She was at a Fourth of July parade in a neighboring town when her sister got a call from a friend in Highland Park. There was a shooting. Standing amid the cheers and celebration at a similar parade a few miles away, Kitty Brandtner, mom of three young children, couldn’t digest the news immediately. It was uncanny, like she was in a parallel universe or something. She had just been talking to her husband about looking into Toronto after the horrors of Uvalde. And now, the monster she feared had paid a visit too close to home.
She cried for 24 hours, thought about Canada again, but her husband said they can’t just run from their home, their community. “Then what can we do?” she asked him, herself, anyone who would listen.
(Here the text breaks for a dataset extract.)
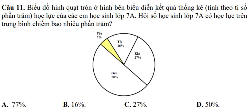 Học sinh lớp 7 có học lực trên trung bình chiếm `16%`
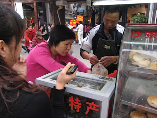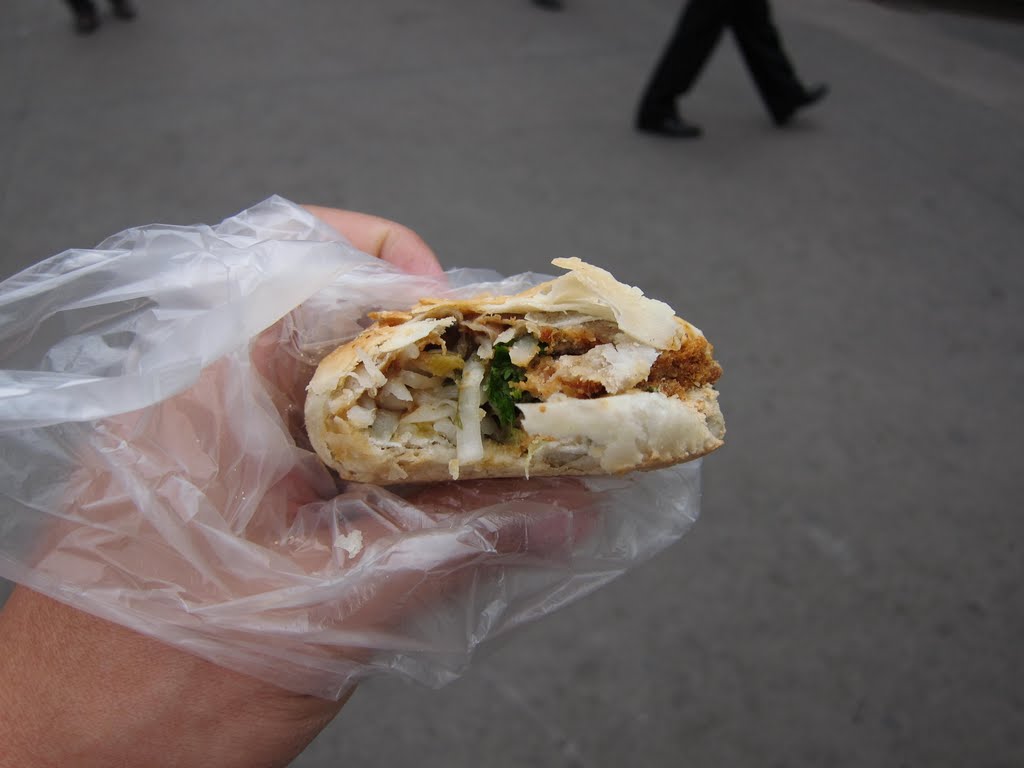 突然看到有一家店,有一個小姐長的挺不錯的.其實我們是被她的背影吸引過去的.不過來不及拍到咧....她是在買一家號稱"廈門漢堡"的夾餅,看起來還不錯,我們向來鼓勵嘗試新鮮東西的,當然就義不容辭了.

That night, she posted to Instagram that she would be going to D.C. Who would join? She woke to hundreds of responses. She’d never organized before, so she started by building a list. Suddenly, she had an organization, March Fourth, and a leadership team of 60-plus volunteers who could lead committees for public relations, event planning, lobbyists, fundraising, government and survivor liaisons. As of publication, they’ve raised a two-thirds of their $300,000 GoFundMe goal to cover costs of travel, lodging and meals for gun violence survivors from Highland Park, Uvalde and Parkland to meet with government officials and then peacefully protest the following day, where hundreds (and counting) will join them in their plea to federally ban assault weapons.
When I spoke with Brandtner, I asked what her strategy was. As a North Shore community member myself, my grief at the July 4th parade’s direct impact has only been compounded by the psychic torture of knowing nothing will change. They’ve won, these people who, for reasons I will never understand, believe their “freedom” to own and operate weapons of war is more valuable than life itself, unless said life is unborn. A friend in Highland Park told me she got into a quarrel with a man who reportedly told a group regarding the shooting, “Well, it could’ve been anything!” “It” being the assault rifle that killed seven, including both parents of a 2-year-old boy, and left more than 45 wounded, including an 8-year-old boy who is now paralyzed below the waist.